Where the lines below hold images, skip those and copy every word exactly.
----- DATA SHOWN
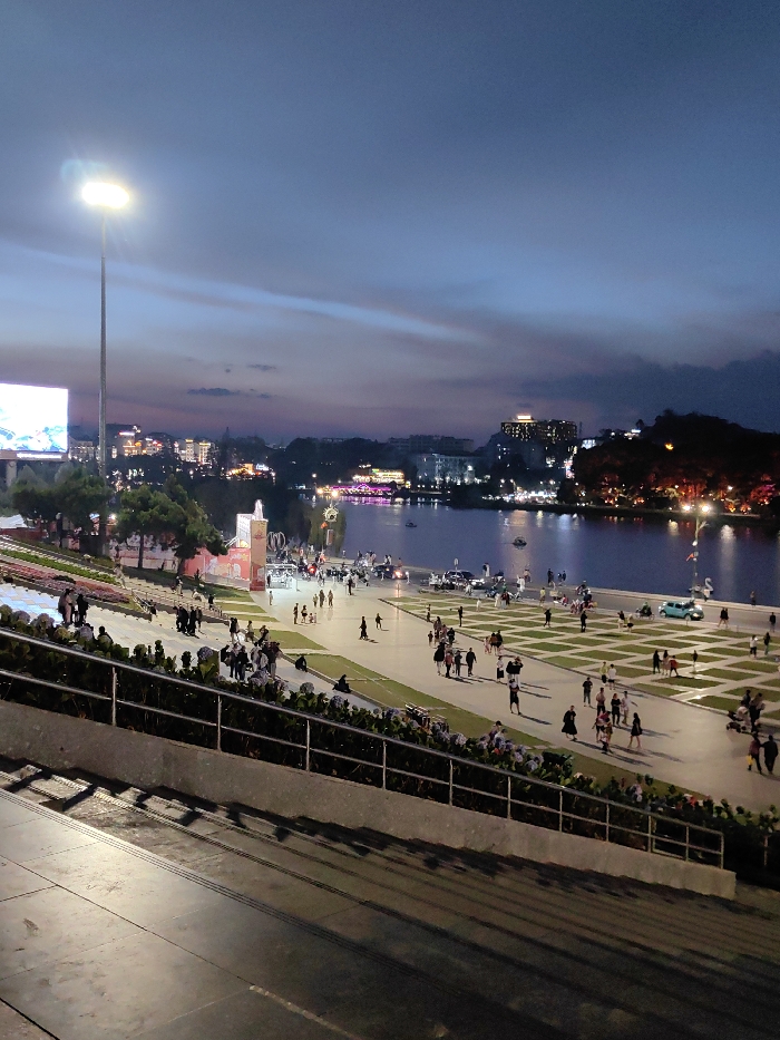 The image depicts an elevated view of Xuan Huong Lake and its surrounding promenade in Da Lat, Vietnam, at dusk or early night. In the foreground, concrete steps or sloped seating areas are visible, featuring dark grey surfaces and horizontal grooves, with a metal railing running diagonally across the lower right. Shadows from this railing are cast sharply onto the concrete. Immediately beyond the railing, a landscaped area with green shrubbery and purple flowering plants (likely hydrangeas) borders a wide, paved promenade. The promenade, located centrally, is illuminated and populated by numerous pedestrians, singly and in groups, walking, standing, and interacting. It features a distinctive checkered pattern of light-colored squares (possibly grass or decorative paving) set within darker paving. To the left, a large, brightly lit digital billboard displays light blue and white content, adjacent to a tall street light pole with a single, intense white luminaire. Along the lake's edge, several vehicles, including cars and what appear to be horse-drawn carriages, are present. Multiple illuminated boats are visible on the dark surface of Xuan Huong Lake. The far bank of the lake is lined with numerous buildings and structures, densely illuminated with various artificial lights, indicating an active urban cityscape extending towards distant hills under a dark blue and faint purple twilight sky. The overall scene is bustling with an estimated hundred or more individuals enjoying the evening atmosphere.
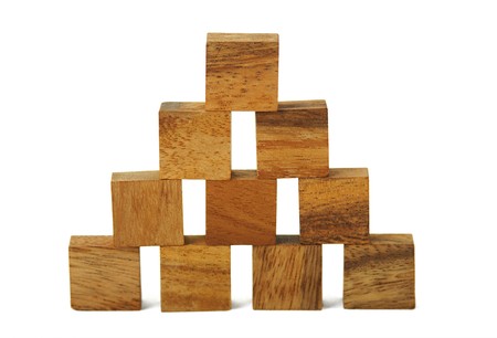 wooden square figures in pyramid isolated
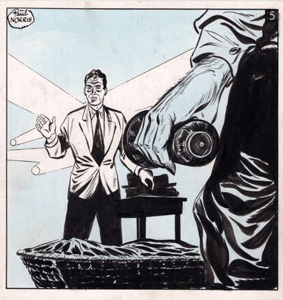 | In The Evening Citizen, Ottawa (17 jun 1950) werd "The Case of the Invisible Lover" gepubliceerd. Het verhaal van 3 pagina's ging vergezeld van een tekening van Paul Norris, voorzien van een copyright uit 1947 van King Features Syndicate Inc. Norris publiceerde soortgelijk werk bij een zesdelige publicatie van het kortverhaal "The Adventure of the Seven Black Cats" in Washington D.C.'s The Evening Star in september 1950 alsook in The Times Union, Albany beginnend op 28 december 1953. | |
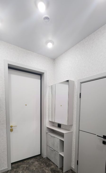 Квартира укомплектована всем необходимым для комфортного проживания: оборудована защитой от протечек, установлено два кондиционера в кухне-гостинной и спальне, теплые полы в санузле и прихожей, проведен интернет (выключатели света и теплого пола работают с Алисой), установлена вся необходимая техника: стиральная машина-автомат, микроволновая печь, посудомоечная машина, двухкамерный холодильник, варочная панель, духовой шкаф, кухонная вытяжка, фильтр для питьевой воды, телевизор.
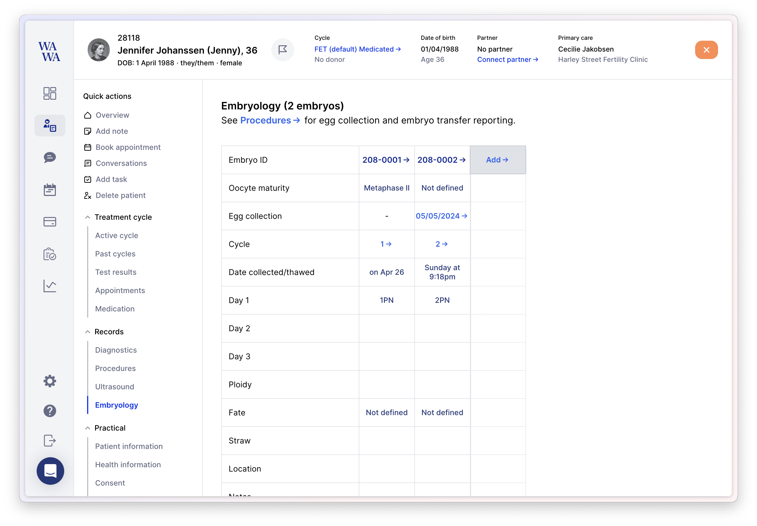 Improved the sidebar on the patient page. It has been re-arranged to be more intuitive thanks to your feedback. “Laboratory” is now “Records” with individual sections for Diagnostics, Procedures, Ultrasound and Embryology.
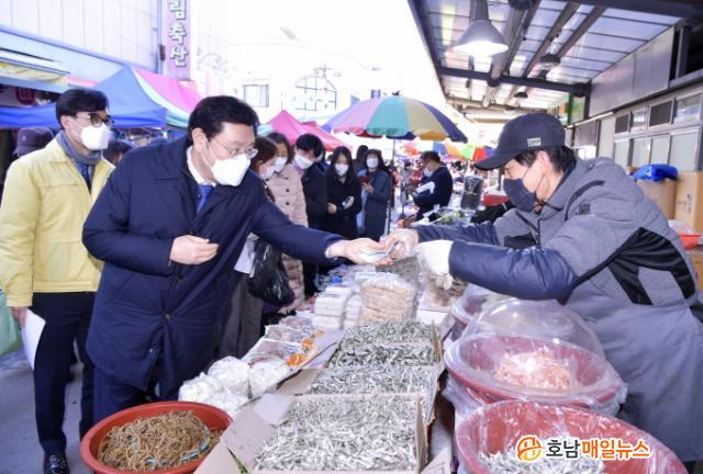 À̿뼷 ½ÃÀåÀº ù Ç༱Áö·Î Äڷγª19·Î À̿밴 °¨¼Ò µî ÇÇÇØ¸¦ °Þ°í ÀÖ´Â ±¤»ê±¸ ¼ÛÁ¤¸ÅÀϽÃÀå°ú ¼ÛÁ¤5ÀϽÃÀåÀ» ã¾Æ ¼³¸ÂÀÌ ÀüÅë½ÃÀå À庸±â¸¦ Àü°³ÇÏ°í »óÀεéÀÇ ¾Ö·Î»çÇ×À» ûÃëÇß´Ù.
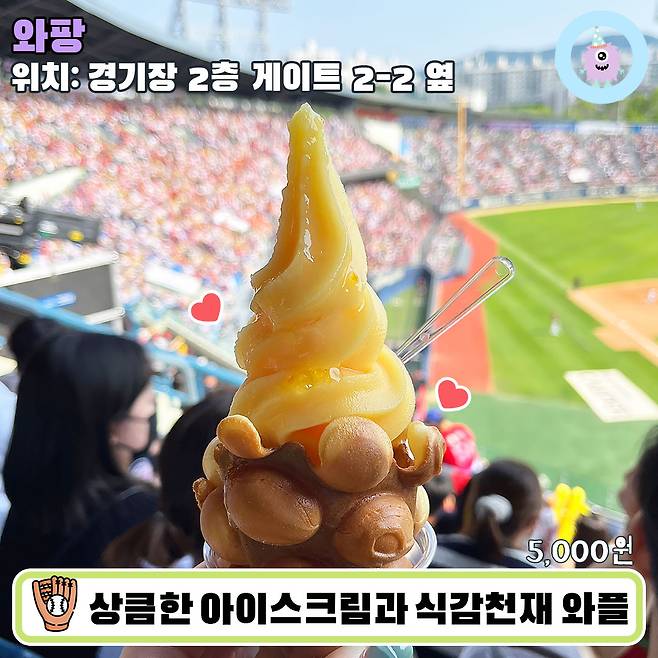 두 번째는 중간에 잠깐 빠져 나와서 구매한 와팡 <한라봉 아이스크림>이에요! 와팡 오리지널을 달라고 하면 와플만 나오기 때문에 아이스팡 또는 한라봉 아이스크림을 달라고 하셔야 해요! 먹깨비가 주문하고 있을 때 마침 홈런이 터져버려서 무지성으로 오리지널을 주문했는데, 눈치백단 사장님께서 결제 전에 여쭤보고 주문을 변경해 주셨답니다ㅋ.ㅋ
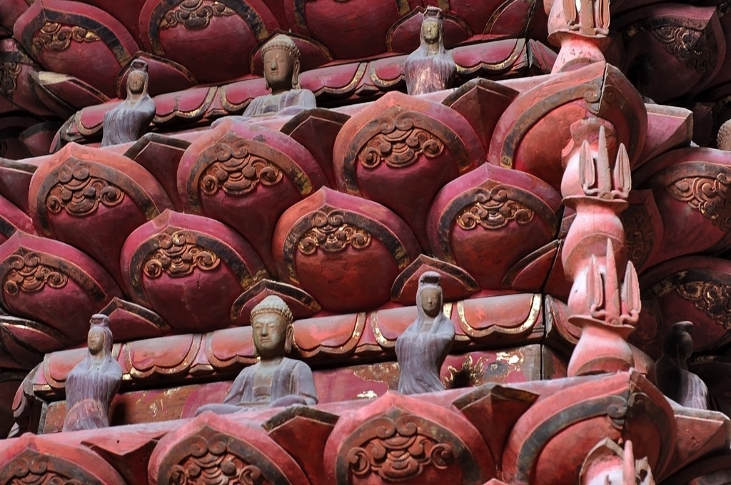 Colossal nine-storied Lotus towers subsequently became symbols of Buddhism. Although their popularity was incomparable to Amitabha Buddha statues or Guanyin statues, only historically acclaimed pagodas overseen by famous head monks were able to erect these towers. Thanks to the profound practice of devoted monks, a new form of tower was launched: spinning nine-storied Lotus towers, colloquially called “Spinning mortars”. These towers were built of wood, measured eight to nine meters high, were placed in scripture halls with traditional architecture, and featured two or three layers of upcurved roof tips. Their foundations were not fixed to the ground, but placed on a bronze mortar that allowed the towers to spin. The wooden pedestals were elaborately decorated by craftsmen. Their bodies were carved with bas-reliefs that depicted Buddhist tales. The arms supporting a towers’ stories were shaped like dragon carvings. Each story was carved into a lotus pedestal. Each lotus petal carried one of multiple Buddhist statues, Guanyin statues or Alahat statues. Each statue was a lively work of art. The tower in Dong Ngo Pagoda boasts up to 162 statues.
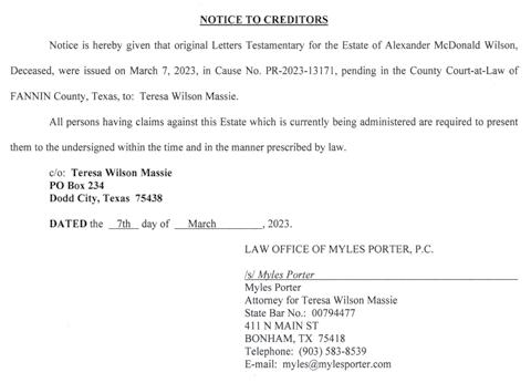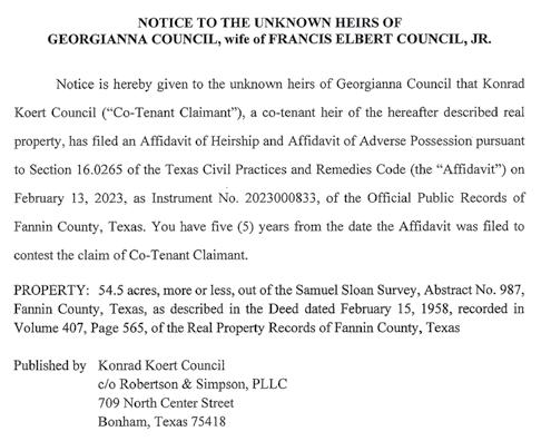 Notice is hereby given that the Fannin County Commissioners Court will hold a Public Hearing at 8:50 am on April 18, 2023 in the County Courthouse located at 101 E. Sam Rayburn Drive, Bonham, Texas. The public is invited to make comments concerning the proposal to partially close:
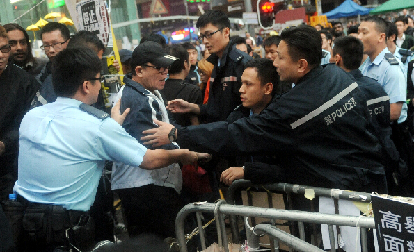11月4日,在旺角占领区有市民口角,多名警员劝喻冷静。中通社
----------
* _RESULT BELOW_:
 The image depicts an elevated view of Xuan Huong Lake and its surrounding promenade in Da Lat, Vietnam, at dusk or early night. In the foreground, concrete steps or sloped seating areas are visible, featuring dark grey surfaces and horizontal grooves, with a metal railing running diagonally across the lower right. Shadows from this railing are cast sharply onto the concrete. Immediately beyond the railing, a landscaped area with green shrubbery and purple flowering plants (likely hydrangeas) borders a wide, paved promenade. The promenade, located centrally, is illuminated and populated by numerous pedestrians, singly and in groups, walking, standing, and interacting. It features a distinctive checkered pattern of light-colored squares (possibly grass or decorative paving) set within darker paving. To the left, a large, brightly lit digital billboard displays light blue and white content, adjacent to a tall street light pole with a single, intense white luminaire. Along the lake's edge, several vehicles, including cars and what appear to be horse-drawn carriages, are present. Multiple illuminated boats are visible on the dark surface of Xuan Huong Lake. The far bank of the lake is lined with numerous buildings and structures, densely illuminated with various artificial lights, indicating an active urban cityscape extending towards distant hills under a dark blue and faint purple twilight sky. The overall scene is bustling with an estimated hundred or more individuals enjoying the evening atmosphere.
 wooden square figures in pyramid isolated
 | In The Evening Citizen, Ottawa (17 jun 1950) werd "The Case of the Invisible Lover" gepubliceerd. Het verhaal van 3 pagina's ging vergezeld van een tekening van Paul Norris, voorzien van een copyright uit 1947 van King Features Syndicate Inc. Norris publiceerde soortgelijk werk bij een zesdelige publicatie van het kortverhaal "The Adventure of the Seven Black Cats" in Washington D.C.'s The Evening Star in september 1950 alsook in The Times Union, Albany beginnend op 28 december 1953. | |
 Квартира укомплектована всем необходимым для комфортного проживания: оборудована защитой от протечек, установлено два кондиционера в кухне-гостинной и спальне, теплые полы в санузле и прихожей, проведен интернет (выключатели света и теплого пола работают с Алисой), установлена вся необходимая техника: стиральная машина-автомат, микроволновая печь, посудомоечная машина, двухкамерный холодильник, варочная панель, духовой шкаф, кухонная вытяжка, фильтр для питьевой воды, телевизор.
 Improved the sidebar on the patient page. It has been re-arranged to be more intuitive thanks to your feedback. “Laboratory” is now “Records” with individual sections for Diagnostics, Procedures, Ultrasound and Embryology.
 À̿뼷 ½ÃÀåÀº ù Ç༱Áö·Î Äڷγª19·Î À̿밴 °¨¼Ò µî ÇÇÇØ¸¦ °Þ°í ÀÖ´Â ±¤»ê±¸ ¼ÛÁ¤¸ÅÀϽÃÀå°ú ¼ÛÁ¤5ÀϽÃÀåÀ» ã¾Æ ¼³¸ÂÀÌ ÀüÅë½ÃÀå À庸±â¸¦ Àü°³ÇÏ°í »óÀεéÀÇ ¾Ö·Î»çÇ×À» ûÃëÇß´Ù.
 두 번째는 중간에 잠깐 빠져 나와서 구매한 와팡 <한라봉 아이스크림>이에요! 와팡 오리지널을 달라고 하면 와플만 나오기 때문에 아이스팡 또는 한라봉 아이스크림을 달라고 하셔야 해요! 먹깨비가 주문하고 있을 때 마침 홈런이 터져버려서 무지성으로 오리지널을 주문했는데, 눈치백단 사장님께서 결제 전에 여쭤보고 주문을 변경해 주셨답니다ㅋ.ㅋ
 Colossal nine-storied Lotus towers subsequently became symbols of Buddhism. Although their popularity was incomparable to Amitabha Buddha statues or Guanyin statues, only historically acclaimed pagodas overseen by famous head monks were able to erect these towers. Thanks to the profound practice of devoted monks, a new form of tower was launched: spinning nine-storied Lotus towers, colloquially called “Spinning mortars”. These towers were built of wood, measured eight to nine meters high, were placed in scripture halls with traditional architecture, and featured two or three layers of upcurved roof tips. Their foundations were not fixed to the ground, but placed on a bronze mortar that allowed the towers to spin. The wooden pedestals were elaborately decorated by craftsmen. Their bodies were carved with bas-reliefs that depicted Buddhist tales. The arms supporting a towers’ stories were shaped like dragon carvings. Each story was carved into a lotus pedestal. Each lotus petal carried one of multiple Buddhist statues, Guanyin statues or Alahat statues. Each statue was a lively work of art. The tower in Dong Ngo Pagoda boasts up to 162 statues.
 Notice is hereby given that the Fannin County Commissioners Court will hold a Public Hearing at 8:50 am on April 18, 2023 in the County Courthouse located at 101 E. Sam Rayburn Drive, Bonham, Texas. The public is invited to make comments concerning the proposal to partially close:
11月4日,在旺角占领区有市民口角,多名警员劝喻冷静。中通社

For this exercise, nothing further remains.